GARUT BERKABAR, Garut Kota – Pemerintah Kabupaten Garut mulai membuka peluang kerja sama internasional di bidang pertanian dengan Korea Selatan. Penjajakan tersebut dibahas dalam pertemuan Bupati Garut Abdusy Syakur Amin bersama delegasi Korea Selatan di Ruang Pamengkang, Kecamatan Garut Kota, Jumat (21/8/2026).
Pertemuan ini secara khusus membahas peluang kolaborasi antara Kabupaten Garut dan Kota Damyang, Korea Selatan, dalam penerapan teknologi pertanian, terutama untuk meningkatkan produktivitas serta kualitas komoditas stroberi dan bawang putih.
Delegasi Korea Selatan yang hadir antara lain Shin Min-Ho, Chairman of the Steering Committee for the Jeonnam-Gwangju Integrated Special Metropolitan City Council; Hal Young Chul, President Director PT JIN SUNG KS Indonesia; Minho Seo, Chairman of East Asia Exchange Cooperation Research Institute; serta Park Jae-Chang, Manager PT JIN SUNG KS Indonesia.
Bupati Abdusy Syakur Amin mengatakan, pertemuan tersebut menjadi tahap awal untuk membangun kerja sama dengan Kota Damyang melalui pertukaran pengetahuan dan penerapan teknologi budidaya yang dinilai dapat mendukung pengembangan pertanian Garut.
Menurutnya, stroberi menjadi salah satu komoditas yang memiliki peluang besar untuk dikembangkan.

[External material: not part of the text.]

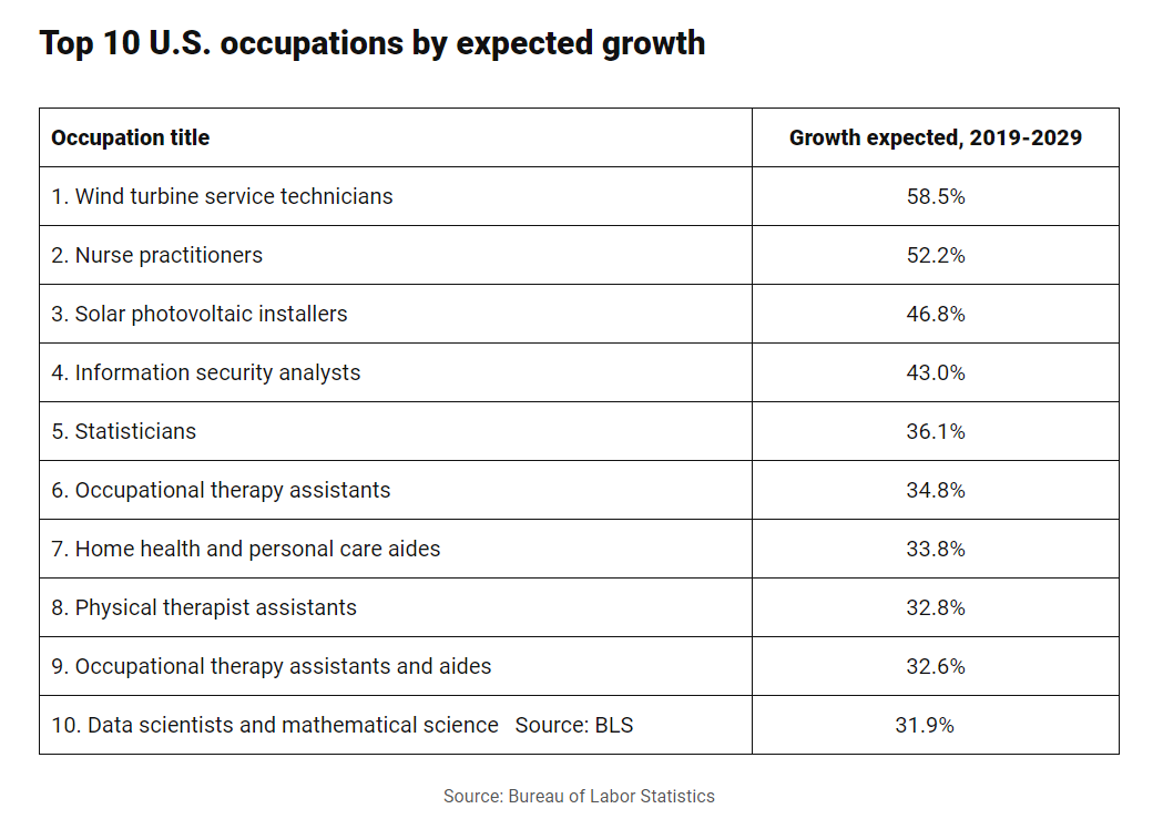 按預(yù)期增長分列的美國前10大職業(yè)(2019-2029年預(yù)期崗位增長率):

Teknologi dan varietas stroberi dari Korea Selatan diharapkan dapat menjadi referensi dalam meningkatkan kualitas produksi lokal.
“Kita ingin tingkatkan kualitas dan kuantitasnya untuk lebih baik lagi,” kata Abdusy Syakur.
Selain stroberi, kerja sama juga diarahkan pada pengembangan bawang putih. Komoditas tersebut dinilai strategis karena peningkatan produksi dalam negeri menjadi bagian dari upaya mendukung ketahanan dan swasembada pangan nasional.
Bupati berharap kolaborasi dengan pihak Korea Selatan tidak berhenti pada pembahasan, tetapi dapat dilanjutkan melalui proyek percontohan budidaya yang memberikan manfaat nyata bagi para petani di Kabupaten Garut.
Dosen Praktisi Fakultas Pertanian Universitas Padjadjaran (Unpad), Dr. Chung KyongHo, turut mengapresiasi keterbukaan Pemerintah Kabupaten Garut dalam menjajaki kerja sama tersebut.
Ia berharap hasil pertemuan dapat ditindaklanjuti dalam bentuk pengembangan budidaya bawang putih dan stroberi dengan standar kualitas yang lebih tinggi, sekaligus mendorong peningkatan pendapatan dan kesejahteraan petani.(**)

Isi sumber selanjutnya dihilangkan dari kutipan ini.